Obtaining real-world aged file systems

Posted Jul 7, 2006 2:46 UTC (Fri) by dlang (guest, #313)
In reply to: Obtaining real-world aged file systems by wilck
Parent article: The 2006 Linux Filesystems Workshop (Part III)

the problem with aged file systems is that you may have a file system (say ext2) that has been in use for years, with lots of stuff added at different times.

now you have a new filesystem (newfs) that you want to test.

if you just copy everything from the old filesystem to the new one you end up with a optimaly layed out newfs filesystem since all the files were created at one time, useually with each file being created in one operation (no fragmentation). The resulting performance is vastly different then if the same contents had been put there the same way they were put on the origional ext2fs filesystem.

so the next step is to not record the filesystem, but record the operations on the filesystem (each write, delete, create, etc) and replay those against the new filesystems.

but since modern filsystems delay allocations for several seconds when something is done to them the replays end up with many of the operations canceling out in memory (never hitting disk) and so the result still doesn't match.

the work-around for this is to do lots of sync's to force the filesystem to actually perform the writes to disk instead of short-circuiting them.

Obtaining real-world aged file systems

Posted Jul 7, 2006 2:53 UTC (Fri) by dlang (guest, #313) [Link]

One thought that hit me just after posting the last comment,

now that there is the new timer base in the kernel, and we are nearing useability with the 'tickless' patches, how about setting up a special kernel with a custom timesource that's driven by the process writing the aged filesystem?

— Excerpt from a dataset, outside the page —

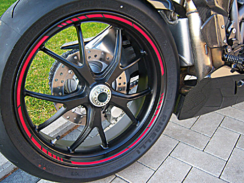 Die Aufkleber werden mit einer Transferfolie geliefert, mit denen Sie sehr einfach auf die Felgen aufgeklebt werden können. Sie können aus einer Vielfalt an Farben wählen.

it knows the timestamp for all the origional filesystem actions, and it can find out all outstanding timers, after each filesystem action have it set a timer action for the time of the next filesystem action and then use the tickless capabilities to advance time up to that point (steping through each of the other timers on the way). this way the modified kernel and it's filesystem code would think that the replay took place in the same real-time that the origional actions that are being replayed took place in, andy delayed actions will take place appropriately (benifiting things if the delay would have helped in the origional, but happening between actions if they wouldn't have)

as long as the kernel isn't busy doing other stuff at the same time this replay should be very fast, and this avoids the haphazard benifits of trying to insert lots of sync calls.

David Lang